TIMBER, AND SOME OF ITS DISEASES.[1]

[Footnote 1: Continued from Supplement, No. 661, page 10558.]

By H. MARSHALL WARD.

IX.

In the months of April and May, the younger needle-like leaves of the Scotch pine are occasionally seen to have assumed a yellow tinge, and on closer examination this change in color, from green to yellow, is seen to be due to the development of what look like small orange colored vesicles standing off from the surface of the epidermis, and which have in fact burst through from the interior of the leaf (Fig. 31). Between these larger orange yellow vesicles the lens shows certain smaller brownish or almost black specks. Each of the vesicular swellings is a form of fungus fructification known as an _Æcidium_, and each of the smaller specks is a fungus structure called a _Spermogonium_, and both of these bodies are developed from a mycelium in the tissues of the leaf. I must employ these technical terms, but will explain them more in detail shortly: the point to be attended to for the moment is that this fungus in the leaf has long been known under the name of _Peridermium Pini_ (var. _acicola_, i.e., the variety which lives upon the needle-like leaves).

On the younger branches of the Scotch pine, the Weymouth pine, the Austrian pine, and some others, there may also be seen in May and June similar but larger bladder-like orange vesicles (_Æcidia_) bursting through the cortex (Fig. 31); and here, again, careful examination shows the darker smaller _Spermogonia_ in patches between the _Æcidia_. These also arise from a fungus mycelium in the tissues of the cortex, whence the fungus was named _Peridermium Pini_ (var. _corticola_). It is thus seen that the fungus _Peridermium Pini_ was regarded as a parasite of pines, and that it possessed two varieties, one inhabiting the leaves and the other the cortex: the "varieties" were so considered, because certain trivial differences were found in the minute structure of the _Æcidia_ and _Spermogonia_.

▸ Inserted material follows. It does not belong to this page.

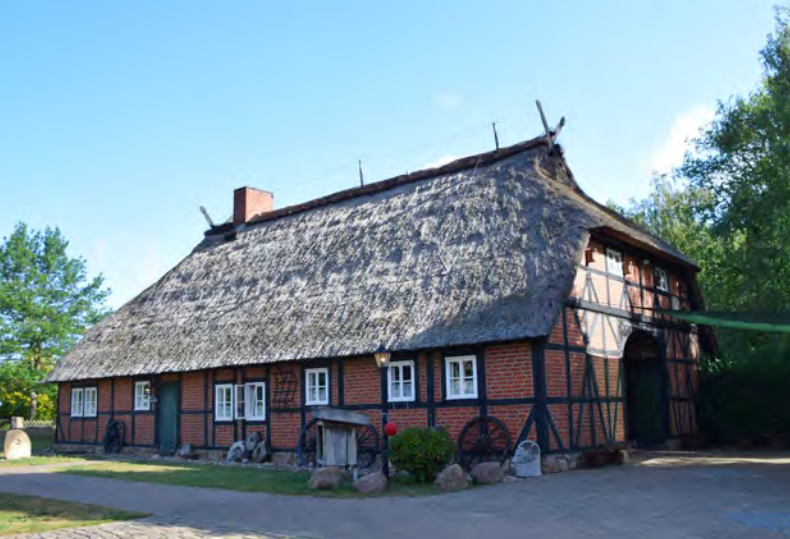
Das 1736 erbaute Rauchhaus stand einst in Hanstedt I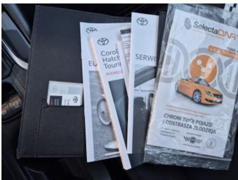
Fot. 35 Instrukcje

If we cut thin vertical sections through a leaf and one of the smallest _Æcidia_, and examine the latter with the microscope, it will be found to consist of a mass of spores arranged in vertical rows, each row springing from a branch of the mycelium: the outermost of these spores--i.e., those which form a compact layer close beneath the epidermis--remain barren, and serve as a kind of membrane covering the rest (Fig. 33, p). It is this membrane which protrudes like a blister from the tissues. The hyphæ of the fungus are seen running in all directions between the cells of the leaf tissue, and as they rise up and form the vertical chains of spores, the pressure gradually forces up the epidermis of the leaf, bursts it, and the mass of orange yellow powdery spores protrude to the exterior enveloped in the aforesaid membrane of contiguous barren spores. If we examine older _Æcidia_, it will be found that this membrane bursts also at length, and the spores escape.

Similar sections across a _Spermogonium_ exhibit a structure which differs slightly from the above. Here also the hyphæ in the leaf turn upward, and send delicate branches in a converging crowd beneath the epidermis; the latter gives way beneath the pressure, and the free tips of the hyphæ constrict off very minute spore-like bodies. These minute bodies are termed _Spermatia_, and I shall say no more about them after remarking that they are quite barren, and that similar sterile bodies are known to occur in very many of the fungi belonging to this and other groups.

Sections through the _Æcidia_ and _Spermogonia_ on the cortex present structures so similar, except in minute details which could only be explained by lengthy descriptions and many illustrations, that I shall not dwell upon them; simply reminding the reader that the resemblances are so striking that systematic mycologists have long referred them to a mere variety of the same fungus.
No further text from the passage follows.